Work instruction:
Leaving the images behind, copy every line of the records exactly.

Exercise input:

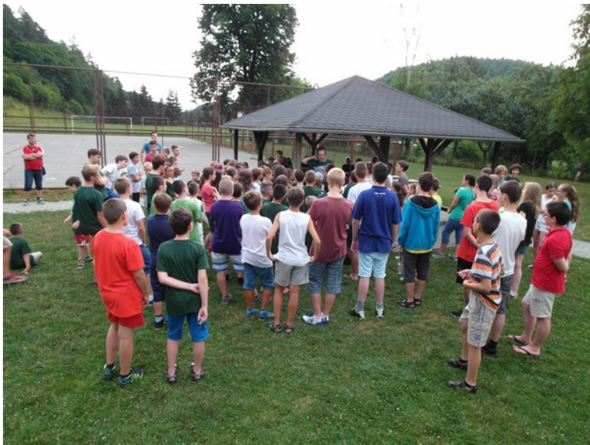
Obr. č.2: Úvodný príhovor a žrebovanie do družstiev
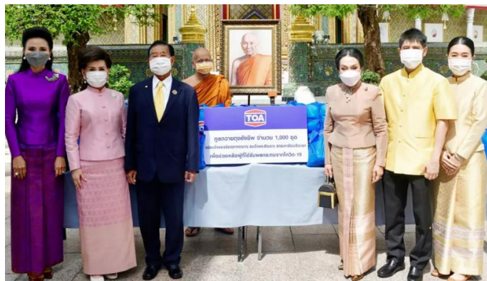
มูลนิธิพระอริยวงศาคตญาณ สมเด็จพระสังฆราช สกลมหาสังฆปริณายก เพื่อไปช่วยเหลือประชาชนได้รับผลกระทบจากโควิด ที่วัดราชพิพิธนันทมาภิบาลวันก่อน
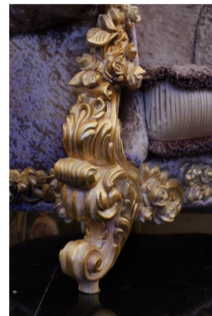
Коллекция GOLDEN ROSES
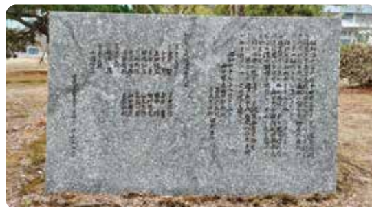
山口高等学校「動員学徒慰霊碑」
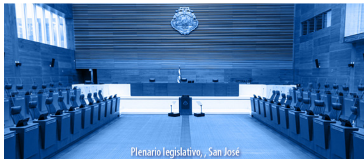
Plenario legislativo, San José

Los Alcances N° 118 y N° 119, a La Gaceta N° 110; Año CXLIV, se publicaron el martes 14 de junio del 2022.
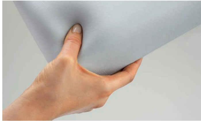
frolli-PUR ® ca. 15 Shore A - besonders weich
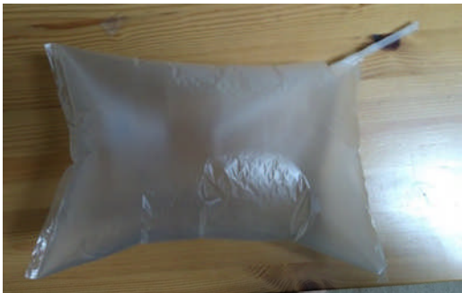
呼気を吹き込むと、袋はふくらんだ。ストローの口は、テープでフタをしている。
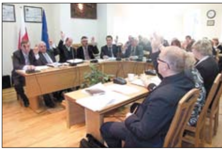
Radni Gminy Tczew uchwalają budżet na rok 2010.

W projekcie budżetu ujęto również 877 tys. zł. z przeznaczeniem na kulturę i ochronę dzie-
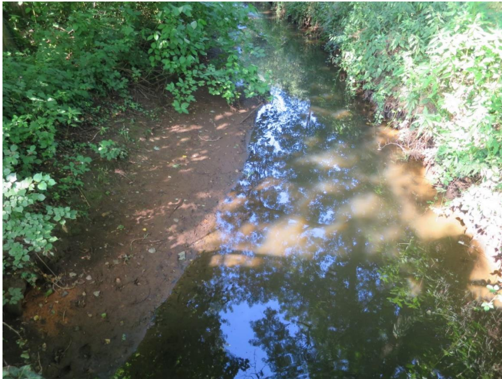
Foto 1: de zeer lage stand van het Groot schijn met blauwe weerkaatsing van de lucht in het water.
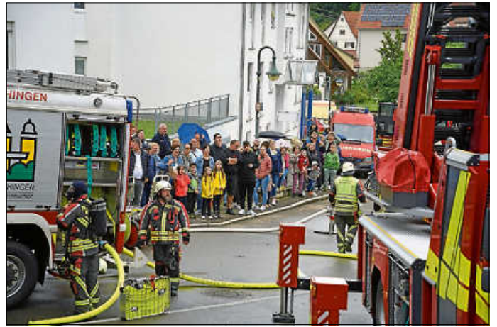
Zahlreiche Zuschauer verfolgten die Übung
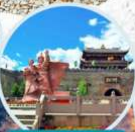
เมืองโบราณซงพาน
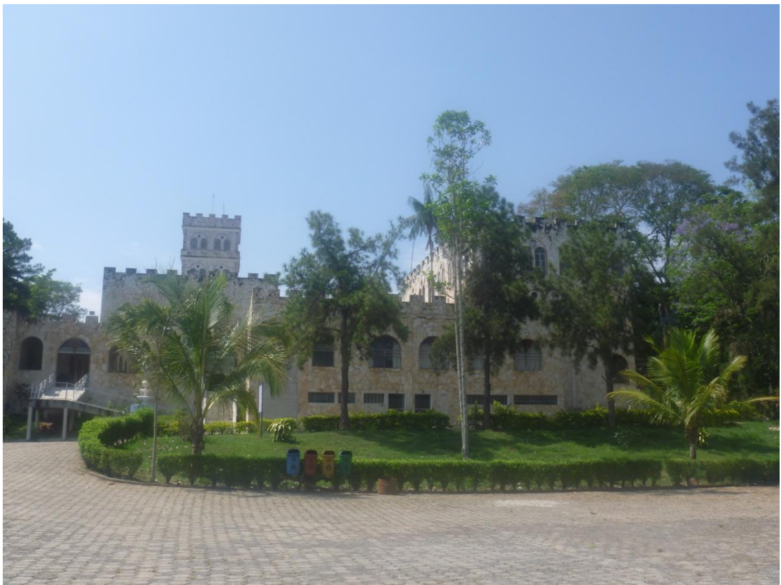
Frente do Mosteiro Sagrada Face (Estrada vicinal Antônio Fazzeri)
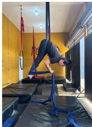
Figura 10 - Abdução de quadril.
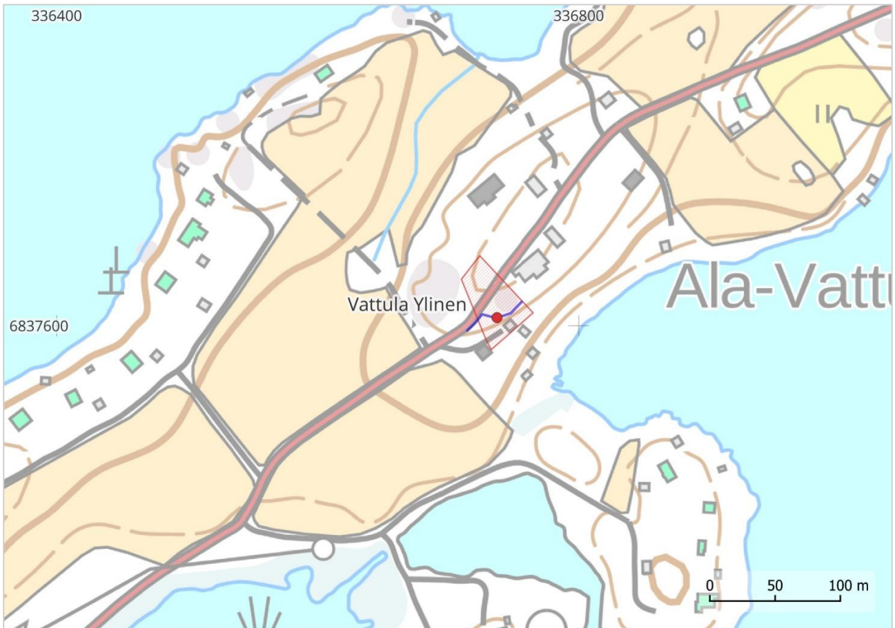
Kartta 2. Kiinteä muinaisjäännös Vattula Ylinen sijaitsee Vattulantien varrella. Tarkkuusinventoitava linja (sininen viiva) kulkee sen halki. MK 1: 4000.
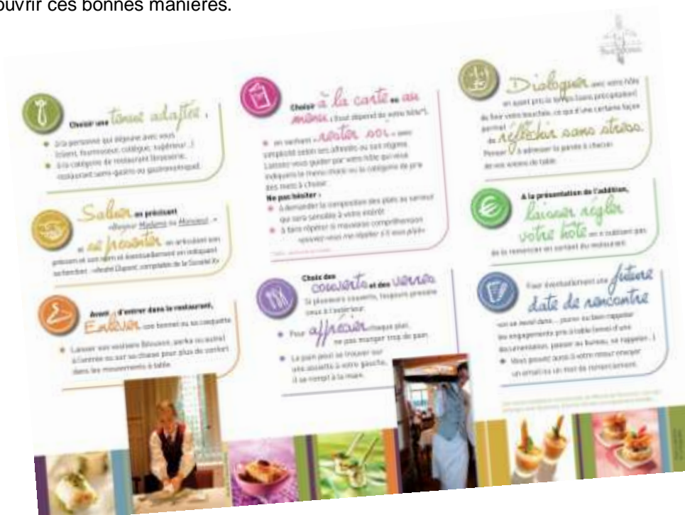
Plaquette de présentation des Ateliers Savoir-être à table

La petite fille de la célèbre Mère BRAZIER transmet tout son savoir et sa passion aux jeunes avides de découvrir ces bonnes manières.
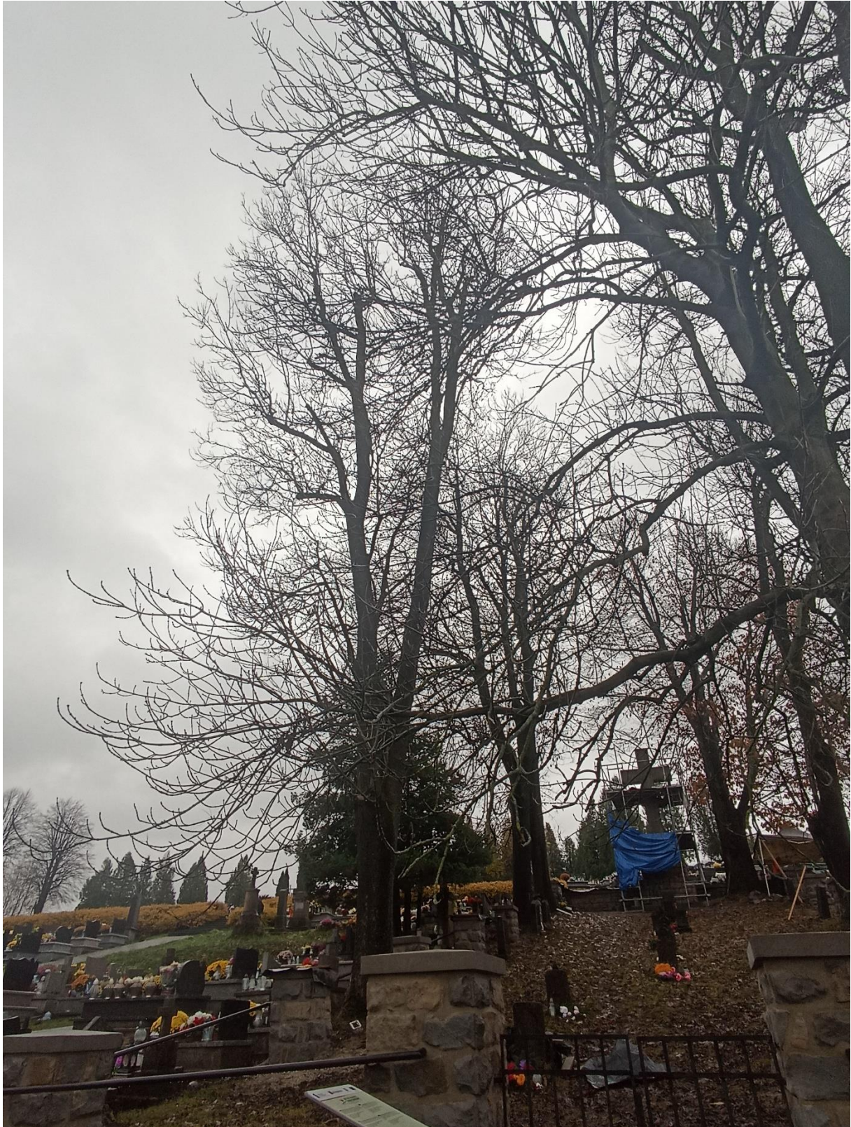
Drzewo Nr 8

Solved exercise:
Obr. č.2: Úvodný príhovor a žrebovanie do družstiev
มูลนิธิพระอริยวงศาคตญาณ สมเด็จพระสังฆราช สกลมหาสังฆปริณายก เพื่อไปช่วยเหลือประชาชนได้รับผลกระทบจากโควิด ที่วัดราชพิพิธนันทมาภิบาลวันก่อน
Коллекция GOLDEN ROSES
山口高等学校「動員学徒慰霊碑」
Plenario legislativo, San José

Los Alcances N° 118 y N° 119, a La Gaceta N° 110; Año CXLIV, se publicaron el martes 14 de junio del 2022.
frolli-PUR ® ca. 15 Shore A - besonders weich
呼気を吹き込むと、袋はふくらんだ。ストローの口は、テープでフタをしている。
Radni Gminy Tczew uchwalają budżet na rok 2010.

W projekcie budżetu ujęto również 877 tys. zł. z przeznaczeniem na kulturę i ochronę dzie-
Foto 1: de zeer lage stand van het Groot schijn met blauwe weerkaatsing van de lucht in het water.
Zahlreiche Zuschauer verfolgten die Übung
เมืองโบราณซงพาน
Frente do Mosteiro Sagrada Face (Estrada vicinal Antônio Fazzeri)
Figura 10 - Abdução de quadril.
Kartta 2. Kiinteä muinaisjäännös Vattula Ylinen sijaitsee Vattulantien varrella. Tarkkuusinventoitava linja (sininen viiva) kulkee sen halki. MK 1: 4000.
Plaquette de présentation des Ateliers Savoir-être à table

La petite fille de la célèbre Mère BRAZIER transmet tout son savoir et sa passion aux jeunes avides de découvrir ces bonnes manières.
Drzewo Nr 8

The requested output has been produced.